Greg Byrne, athletic director at the University of Alabama has a different approach. After Duke’s Filipowski Byrne told the Birmingham Tip-Off Club: “I think the way it’s going to stop, that’s going to get everybody’s attention to realise that this is dangerous… the home team is losing the game.” That would get a lot of students’ attention, but would it really stop the onslaught? And if it didn’t, would we really punish players – who may have just won the biggest game of their lives – by telling them they’ve lost? That seems very un-American.
Another suggestion is being made: Schools that host a home game – at considerable loss of profit and entertainment – could be stripped of their right to play a home game if the field is stormed. The question is whether fans who have had a few beers would care.
This response is irresponsible. The NCAA needs a uniform policy, and it needed one yesterday.
As for the NCAA, spokesman David Worlock told NBC News, “We do not have a policy regarding court storming. Policies are implemented and enforced at the conference and institutional level. It is not allowed during NCAA tournament games, and we work with the host sites to develop a security plan to try to prevent it.” That response is insane. The NCAA needs a uniform policy, and it needed one yesterday.
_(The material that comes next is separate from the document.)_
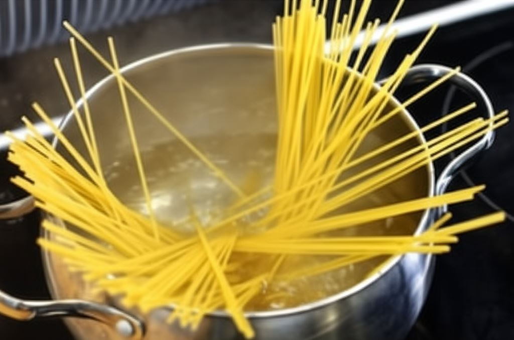 W dużym garnku doprowadź wodę z odrobiną soli do wrzenia. Kiedy zacznie wrzeć, dodaj odmierzoną porcję makaronu spaghetti i gotuj według wskazówek producenta zamieszczonych na opakowaniu.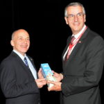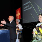 - Tagungsleiter Kantonsrat Jürg Messmer übergibt dem Bundesrat als Geschenk eine Flasche des geweihten Kirsches der Flugzeugtaufe des Swiss Airbus A-340 „Stadt Zug“ aus dem Jahr 2012

The only other solution that would not increase the prison population would be to ban the fans who invade the field from attending another home game. If not forever, then at least for this season. To do nothing, as the NCAA is doing, is to invite tragedy. To act before that would take courage and would certainly upset many fans, but it is certainly better than the alternative.
Players have the right to leave the field without being trampled, and even to jostle with members of the other team without people in the stands rushing in. This is a workplace safety issue and should be treated as such.
No one was injured in Sunday’s game between the Tigers and Gamecocks. But referees need to focus not on what didn’t happen, but on what could have happened.